Microsoft has taken immediate action to address a significant security incident that led to the exposure of a staggering 38 terabytes of private data. The breach was identified within the company’s AI GitHub repository and is believed to have occurred inadvertently during the publication of open-source training data, according to Wiz, a cybersecurity research team.
This breach included a backup from the workstations of two former employees, containing sensitive information like secrets, keys, passwords, and over 30,000 internal Teams messages.
The repository, named “robust-models-transfer,” has been made inaccessible. Before its takedown, it housed source code and machine learning models related to a 2020 research paper titled “Do Adversarially Robust ImageNet Models Transfer Better?”
Wiz’s report revealed that the breach resulted from an overly permissive Shared Access Signature (SAS) token, an Azure feature that facilitates data sharing in a challenging-to-track and revoke manner. Specifically, the repository’s README.md file inadvertently allowed developers to download models from an Azure Storage URL that also granted access to the entire storage account, exposing additional private data.
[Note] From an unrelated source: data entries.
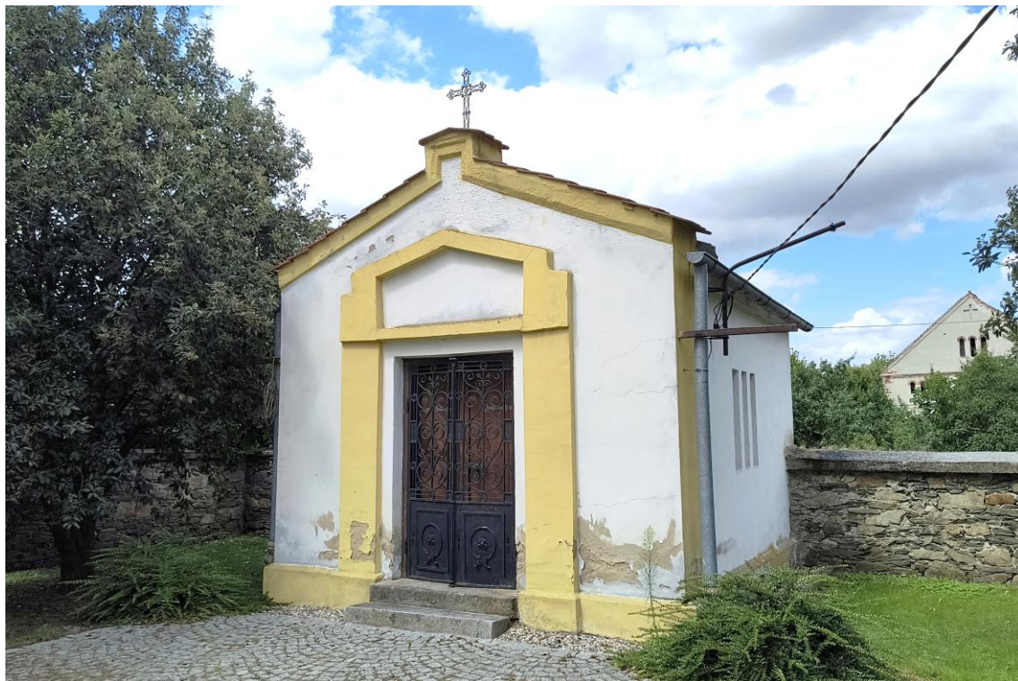
Widok od południowego zachodu

7. Fotografia z opisem wskazującym orientację w stosunku do sąsiednich terenów lub stron świata albo mapa z zaznaczonym stanowiskiem archeologicznym
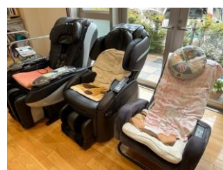
マッサージチェアを設置
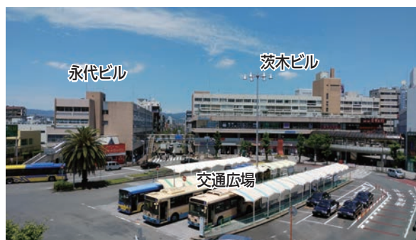
阪急茨木市駅西口駅前周辺
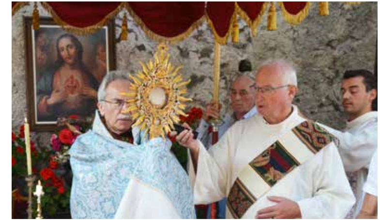
Im Bild: Herz-Jesu-Feier 2025

Durante i mesi estivi luglio e agosto l'ufficio parrocchiale rimane chiuso il venerdì. La riapertura sarà il 4 settembre.
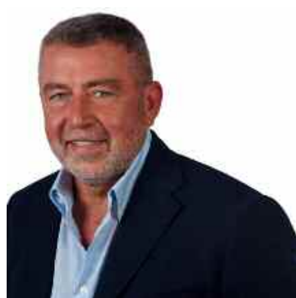
A pagina 3

Corruzione ed altro, le accuse che pendono su Fazio, su Ettore Morace e su un funzionario regionale. Sullo sfondo i finanziamenti e l'appalto per la gestione dei trasporti marittimi in Sicilia.
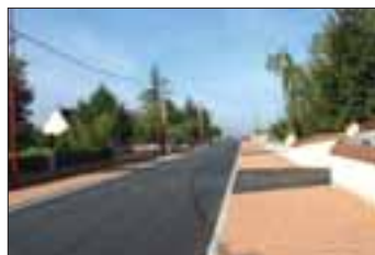
Quelques mois après
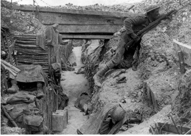
Gelibolu'da bir Anzak siperi
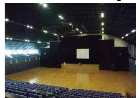
イベントホール（アリーナ棟 4F）
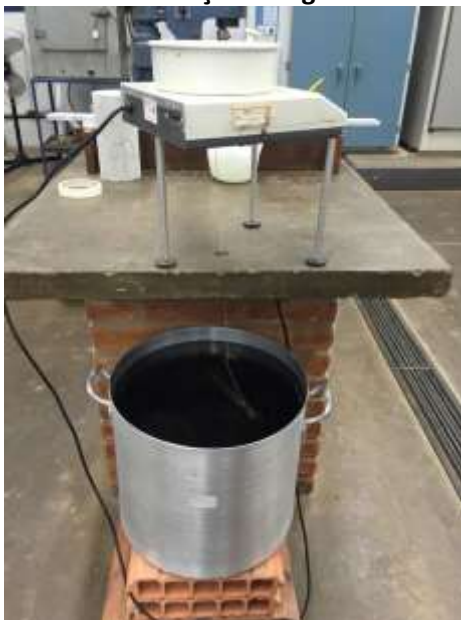
Figura 2: Ensaio de absorção de água e índice de vazios.

Para realizar esse teste, conforme a NBR 9778, foram utilizados dois corpos de prova de cada dosagem.
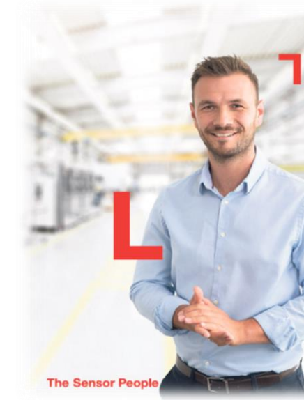
The Sensor People
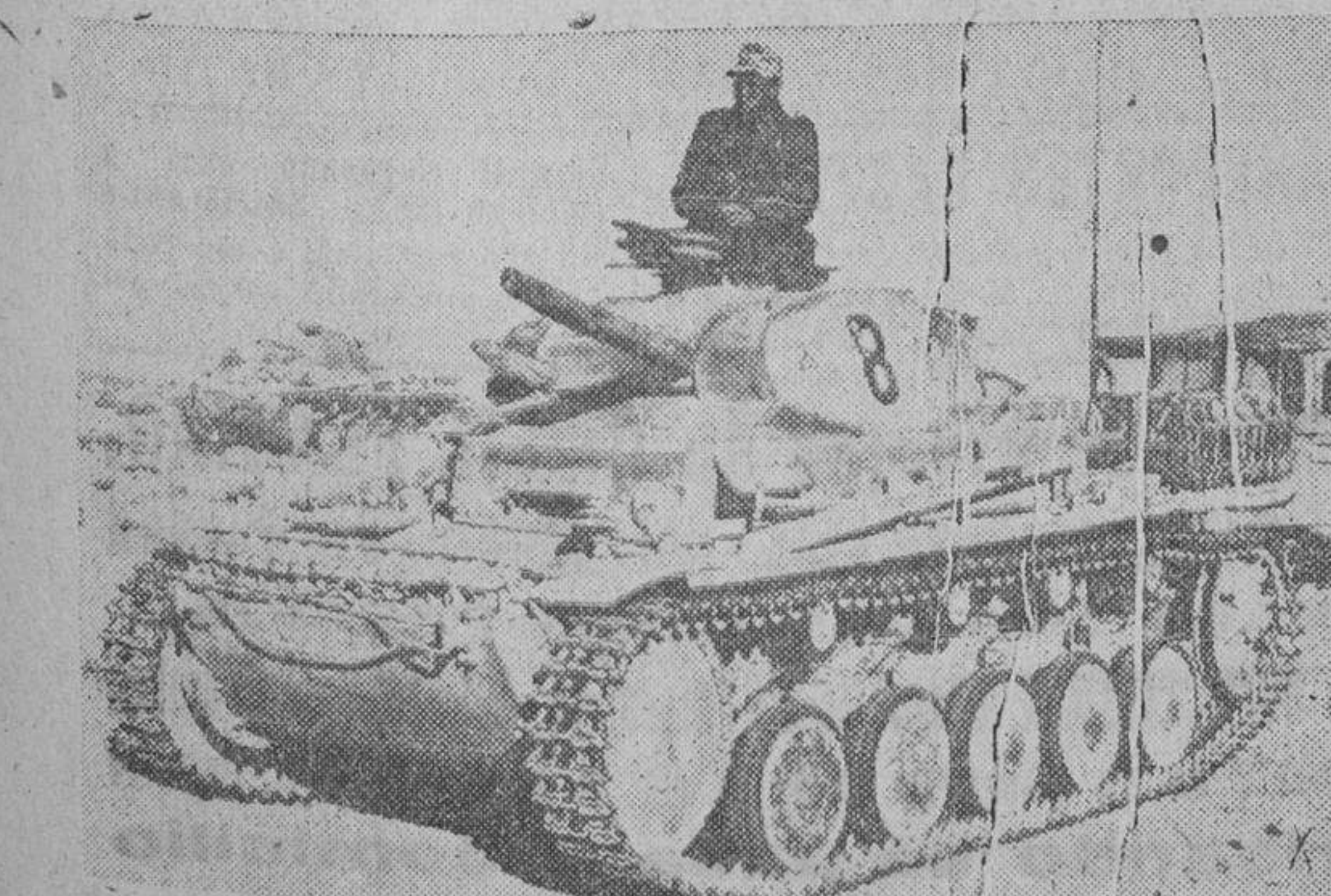
Tanques del cuerpo expedicionario alemán en el frente de Africa. Un breve descanso durante la marcha a través del desierto

París. — En subasta pública ha sido vendido el interior del Castillo de Merval, que fué habitado por la favorita del rey Luis XV, madame Dubarry. El producto de la venta ha alcanzado un total de 1.700.000 francos, de los cuales corresponden 338.000 al lecho de madame Dubarry. (Efe.)
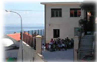
Plesso di Scafa

Istituto Comprensivo Statale n.2 “Giovanni Paolo II”
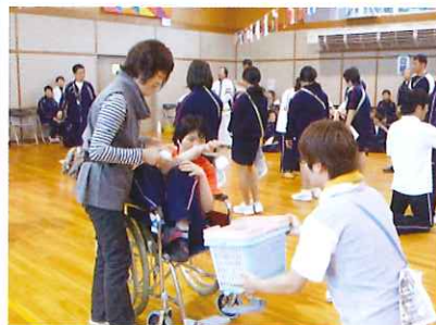
保護者さんと協力してポイツ
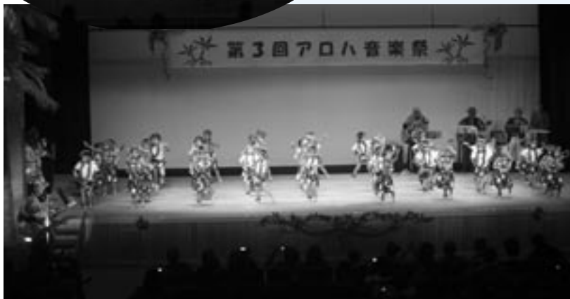
町内6保育園児によるフラダンス 「ブラチーム大島っ子」のフラ
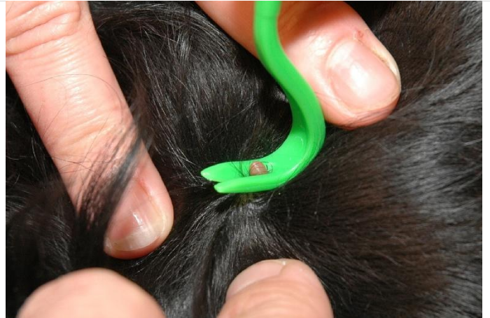
nasazení – „zaseknutí“ klíštěte do háčku
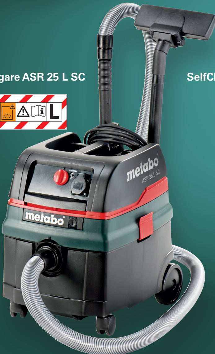
SelfClean: med elektromagnetisk avskakning och påslagsautomatik
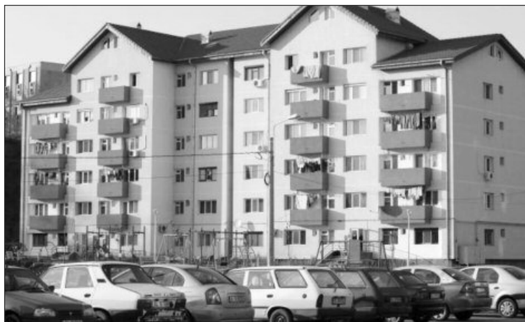
Guvernul a stabilit numărul maxim de ani pe care se pot "întinde" ratele la locuințele ANL

maxim 15 ani, în cazul în care, la data vânzării, venitul mediu pe membru de familie al titularului contractului de închiriere a locuinței depășește cu 80% — 100% salariul mediu brut pe economie, în maxim 20 ani, în cazul în care același venit depășește cu 50% — 80% salariul mediu brut pe economie și în maxim 25 ani în cazul în care, la data vânzării, venitul mediu pe mem-
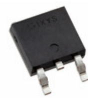
IXFY30N25X3 IXYS Corporation MOSFET N-CH 250V 30A TO252AA
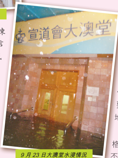
9月23日大澳堂水浸情況
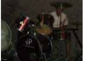
バンドを組んで演奏し、歌う音楽の授業 ドラムのセットを演奏する男子生徒の笑顔
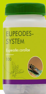
100 pupes par flacon
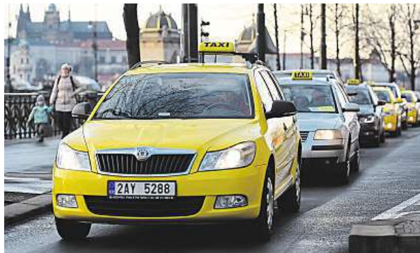
Taxikáři včera blokovali provoz i na vltavském nábřeží.

Taxikáři se sešli kolem 14. hodiny na Strahově, po čtvrté dorazili na nábřeží,
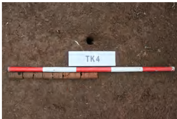
图 37 TK4 土样 (一米标杆,土样由左往右)

①层: 表土层,深 0-0.3 米,厚 0.3 米,为灰褐色黏土,土质疏松,内含植物根系、砂砾等。以下为红褐色黏土,土质致密,纯净,系生土。
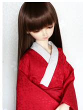
小振袖用長襦袢緋色13SD・ DD共通n-0083
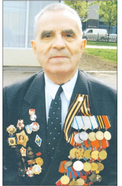
В мае 2015 года

Сейчас занимаюсь патриотическим воспитанием молодёжи. Утверждаю, что человек может жить и выживать в любой обстановке и при любых обстоятельствах. Только надо быть терпеливым, стойким и любознательным. А ещё - понимать и поддерживать людей. Фронтовики это отчётли-
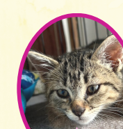
ふくちゃん 4月下旬生まれ コアワクチン接種済 避妊手術済
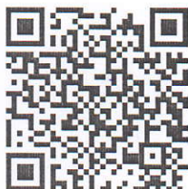
ГРАФИК ПЛАТЕЖЕЙ* к договору (контракту) от 02.06.2022 г. № 42-ОВ

между "TRADITIONALLY TRADE" МЧЖ и Учкургон ХТБ марказ на общую сумму 535530254,99
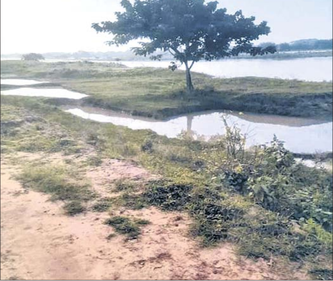
ନଦୀ ପଠାରେ ଖେଳପଡ଼ିଆ ହେବାକୁ ଥିବା ସ୍ଥାନ ।

To address this issue, Microsoft promptly revoked the SAS token and blocked external access to the storage account. The company’s investigation found no unauthorized exposure of customer data and confirmed that no other internal services were compromised.
The company also identified a bug in its scanning system that led to the false flagging of the specific SAS URL in the repository. To enhance future security measures, Microsoft has expanded its secret scanning service to include SAS tokens with overly permissive settings.